How to Build a Mini ChatGPT on a Single GPU with MiniMind

Overview

MiniMind is an open‑source project that enables anyone with a modest GPU (e.g., NVIDIA RTX 3090) to train a miniature large‑language model (LLM) from scratch. The smallest model is only 25.8 MB, roughly 1/7000 the size of GPT‑3, yet retains reasonable performance.

Key Highlights

Ultra‑lightweight design : Model size 25.8 MB, runnable on consumer GPUs.

Full training pipeline : Includes data cleaning, pre‑training, supervised fine‑tuning (SFT), LoRA fine‑tuning, DPO reinforcement learning, and model distillation, all implemented with native PyTorch.

Multimodal support : MiniMind‑V extension adds image understanding capabilities.

Quick Start

Clone the repository

git clone https://github.com/jingyaogong/minimind.git

Test an existing model

Install dependencies:

pip install -r requirements.txt -i https://pypi.tuna.tsinghua.edu.cn/simple

Download a pre‑trained MiniMind model from Hugging Face:

git clone https://huggingface.co/jingyaogong/MiniMind2

Run evaluation: python eval_model.py --load 1 --model_mode 2 where --load 1 loads the Hugging Face checkpoint and --model_mode 2 selects MiniMind2.

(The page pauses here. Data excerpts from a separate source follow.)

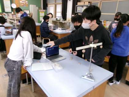てこがつり合うときには、どんなきまりがあるのか?実験をしながら、探っていました。
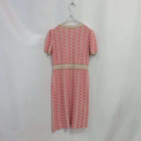 ■ungaro/ウンガロ 薄手ニット 半袖 ワンピース L ピンク ウエストリボン [KD1111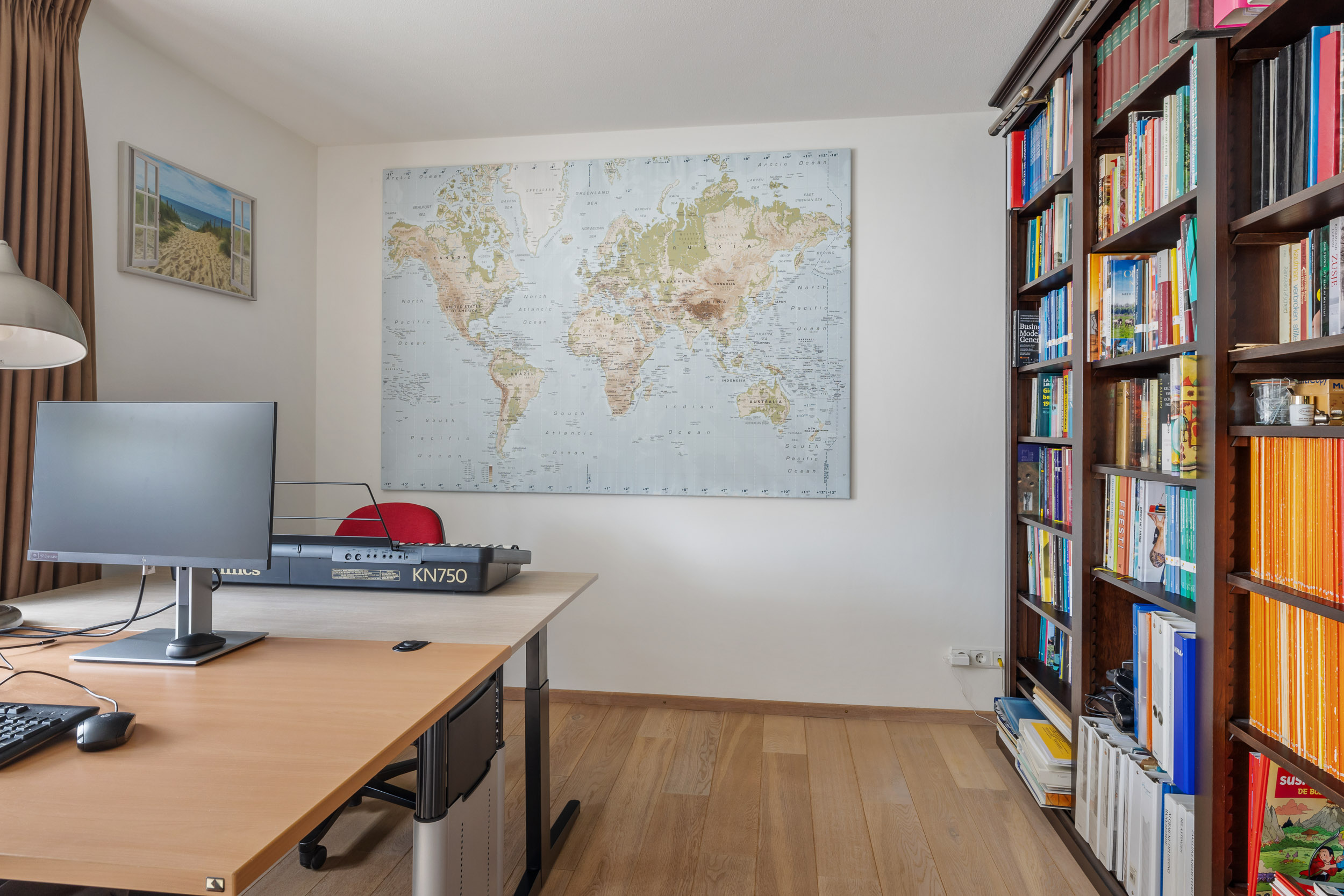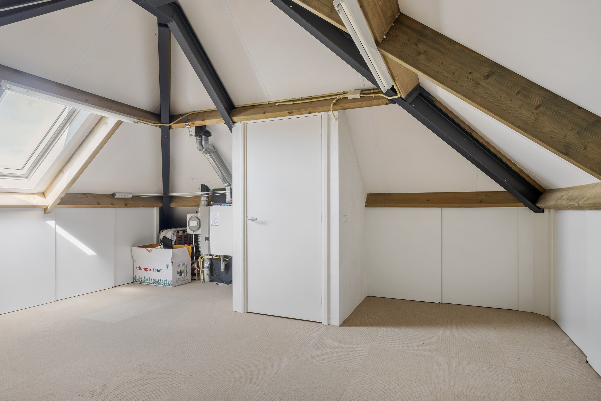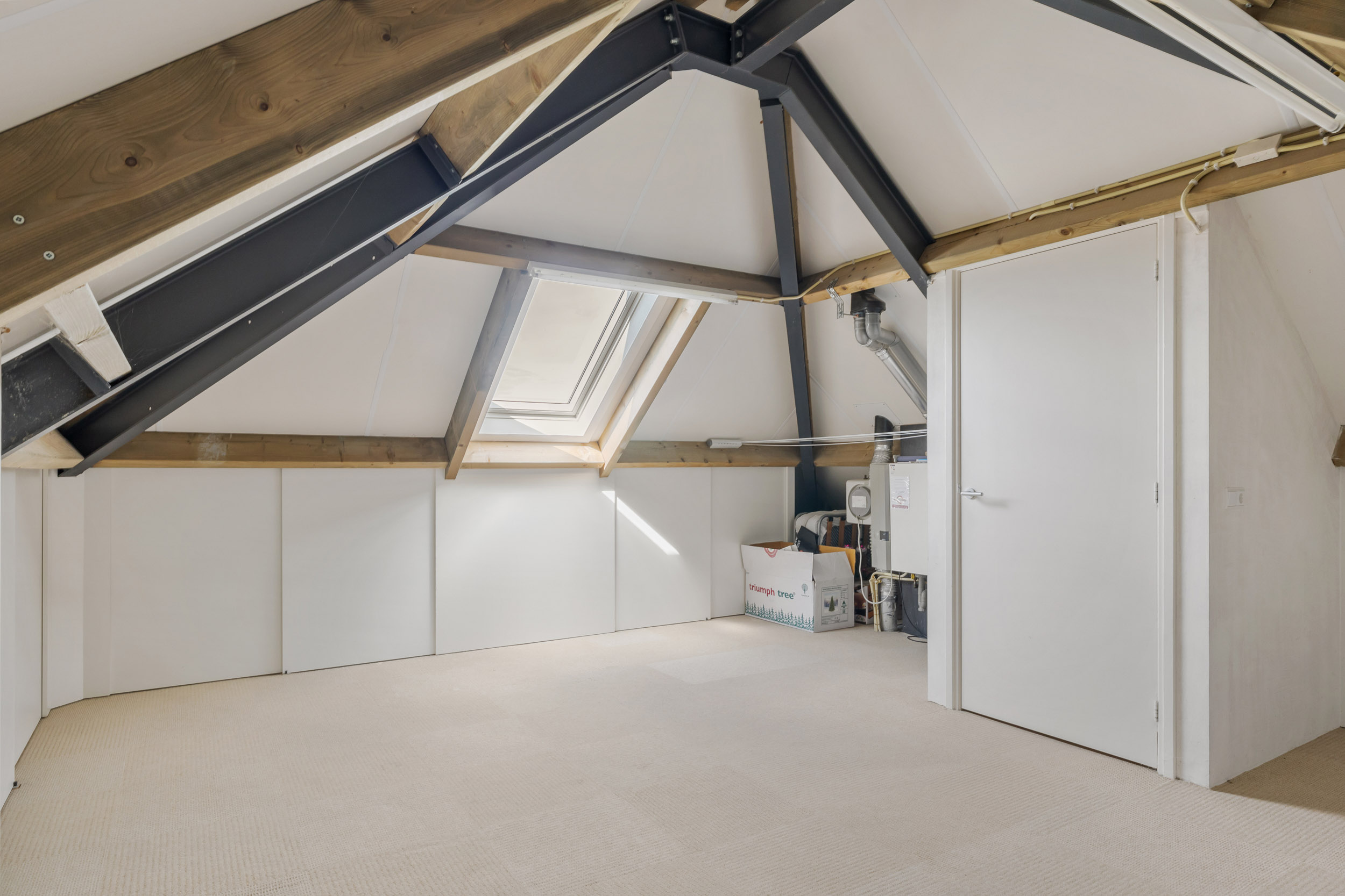 Via een vaste trap bereik je de zolderverdieping. Deze is voorzien van praktische inbouwkasten rondom, een dakraam en biedt de mogelijkheid voor een vierde slaapkamer, werkkamer of logeerkamer. De CV-ketel is hier ook geplaatst.
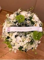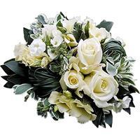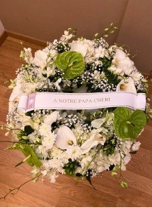 Photo non contractuelle | Couronne blanche Couronne blanche à plat de fleurs de saison avec feuillage / Diamètre 60 cm - Photo non contractuelle
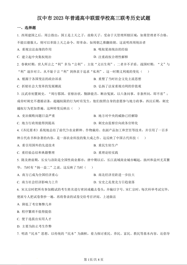 陕西省汉中市普通高中联盟2024届高三上学期期中联考历史(原卷版)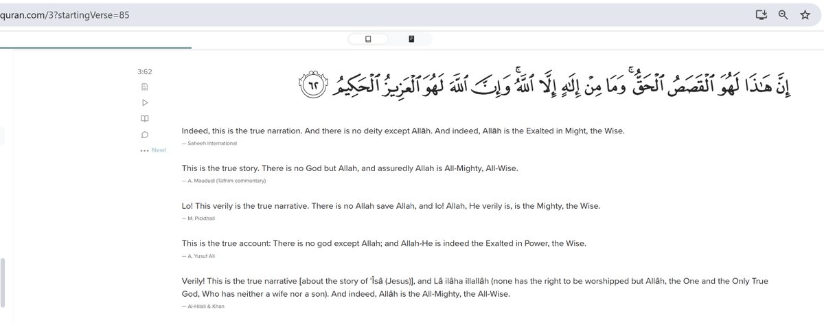 5/11 The above texts (Q 3:19 and 3:85) appear in surah 3, which criticizes the worship of Christ, claims that such worship contradicts Christ’s teaching, and invites the People of the Book to commit to strict monotheistic worship as a common ground with the Believers.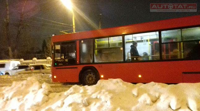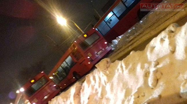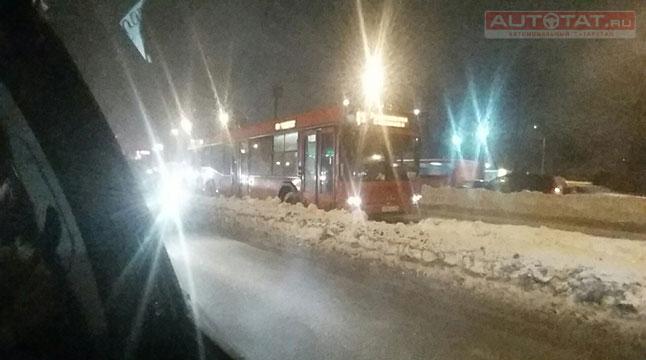 В Казани автобус не смог объехать пробку и застрял на трамвайных путях. ВИДЕО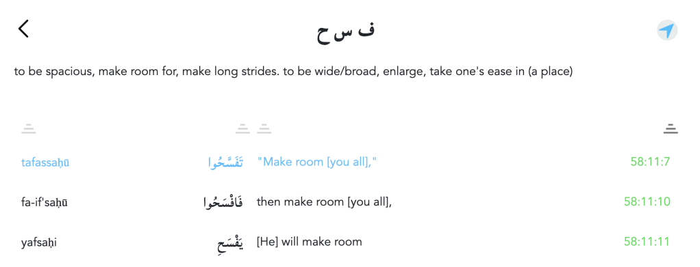 This interpretation is taken from verse 11 of Sura 58, entitled The Debate (Al-Mujaadalah). In this verse we see how God commands us to behave with one another in a congregation, that if someone needs space we should give them their space. Notice that this verse also addresses that “GOD raises those among you who believe, and those who acquire knowledge to higher ranks” which is something we should all aim to do.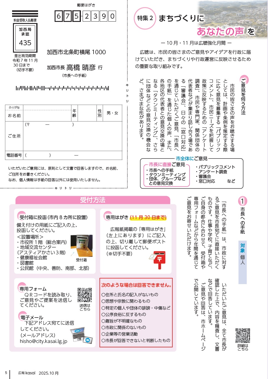 「市長への手紙」は、市政に対するご意見を市長宛てに直接いただくものです。仕事や学校、子育てなど、ご自身の都合に合わせて、受付箱や専用フォームなどから年間を通じてご意見をお寄せいただけます。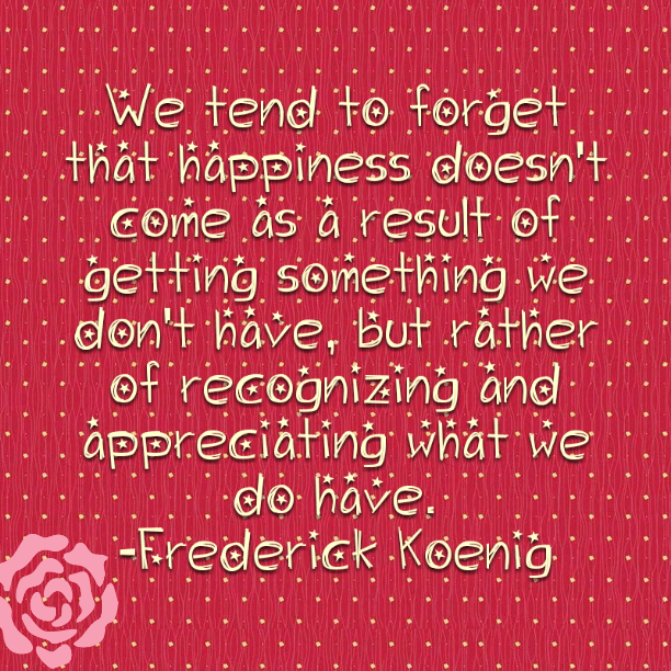 “We tend to forget that happiness doesn’t come as a result of getting something we don’t have, but rather of recognizing and appreciating what we do have.” ~Frederick Koenig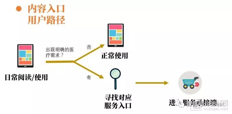 场景需求入口的用户为上一场景中的用户,用户画像清晰,需求明确,只用需求挖掘得到,因为已经建立信任关系,粘性较强。该用户路径的关键在于能否挖掘到特定场景下的用户需求和提供恰到的医疗健康服务。综上,场景入口精准性、转化率、留存率均占优。
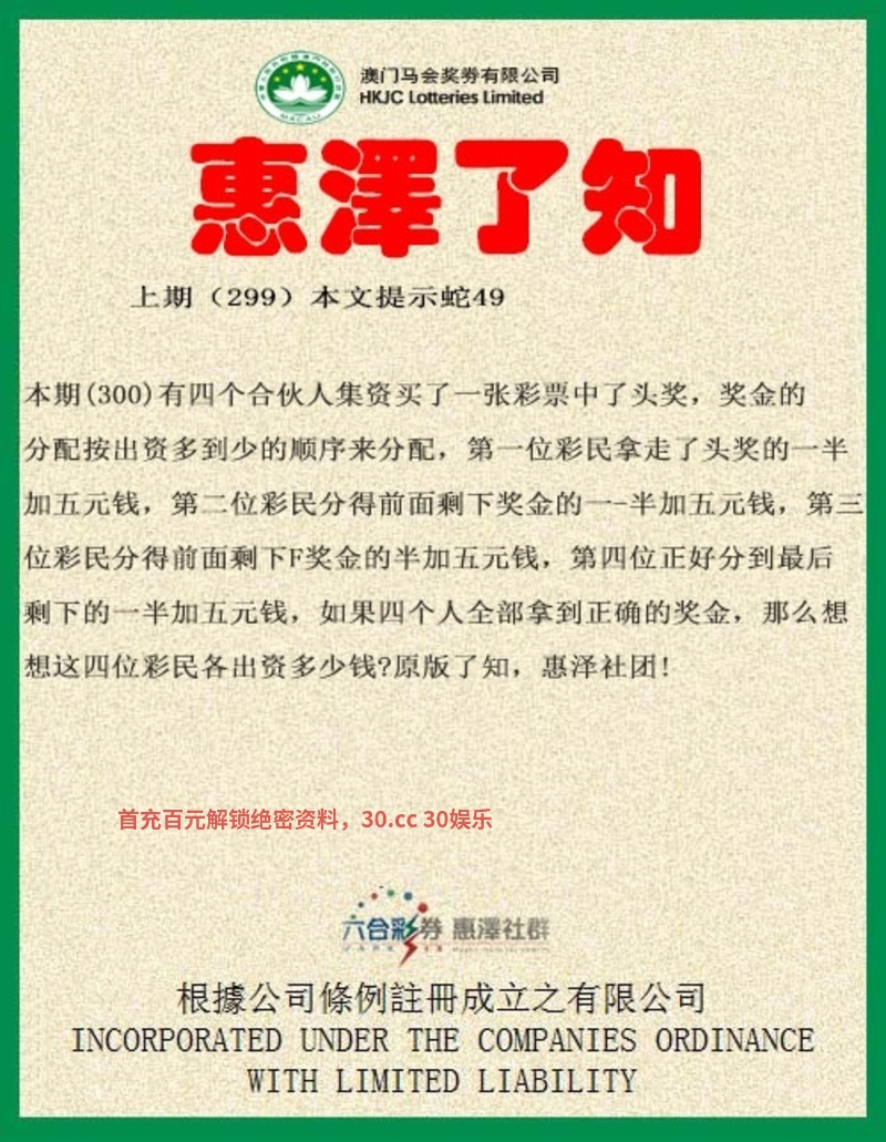 | [惠泽了知] 300期:有四个合伙人集资买了一张彩票中了头奖,合伙解合肖马鼠羊虎牛兔。奖金的分配按出资多到少的顺序来分配,第一位彩民拿走了头奖的一半加五元钱,第二位彩民分得前面剩下奖金的一-半加五元钱,第三位彩民分得前面剩下F奖金的半加五元钱,第四位正好分到最后剩下的一半加五元钱,如果四个人全部拿到正确的奖金,那么想想这四位彩民各出资多少钱? [惠泽九肖]:马鼠羊虎牛兔龙蛇猴 [惠泽六肖]:马鼠羊虎牛兔 [惠泽平肖]:马马马 [惠泽平尾]:4444尾 [惠泽特码]:24 36 06 42 11 47 16 40 05 41 |

Launch the web UI (optional):

pip install streamlit  # if not installed
cd scripts
streamlit run web_demo.py

Training from Scratch

Environment preparation

Install dependencies as above.

Verify CUDA support:

import torch
print(torch.cuda.is_available())

Dataset preparation Place required datasets in ./dataset . The project provides a list of files such as pretrain_hq.jsonl (1.6 GB), sft_mini_512.jsonl , dpo.jsonl , etc. Links are available on ModelScope and Hugging Face.

Pre‑training Run the pre‑training script to learn basic language knowledge: python train_pretrain.py Outputs files named pretrain_*.pth .

Supervised fine‑tuning (SFT) Fine‑tune the model on dialogue data: python train_full_sft.py Generates full_sft_*.pth checkpoints.

Model evaluation After training, place the checkpoint in ./out/ and run:

python eval_model.py --model_mode 1  # evaluate fine‑tuned model

Use --model_mode 0 to evaluate the pre‑trained model.

Tokenizer

MiniMind uses a simplified tokenizer to keep the vocabulary small and reduce compute. Users can train a custom tokenizer or adopt the provided one.

Datasets

The project bundles several datasets for different training stages: dpo.jsonl – RLHF data. lora_identity.jsonl – Self‑identity prompts for LoRA training. lora_medical.jsonl – Medical Q&A data. pretrain_hq.jsonl – High‑quality pre‑training corpus (1.6 GB). r1_mix_1024.jsonl – Distilled DeepSeek‑R1 data (max length 1024). sft_1024.jsonl, sft_2048.jsonl, sft_512.jsonl – Supervised fine‑tuning data with varying sequence lengths. sft_mini_512.jsonl – Compact SFT dataset for rapid training.

Model Architecture and Training Strategies

MiniMind adopts a decoder‑only Transformer architecture similar to GPT‑3, with two notable innovations:

Rotary Position Embedding (RoPE) to handle long contexts efficiently.

Mixture‑of‑Experts (MoE) layer that improves computational efficiency and scalability.

Relevant architecture diagrams are included in the original repository.

Conclusion

MiniMind dramatically lowers the barrier to LLM research and development, allowing developers, enterprises, and researchers to train a functional mini‑ChatGPT on affordable hardware and customize it for various downstream tasks.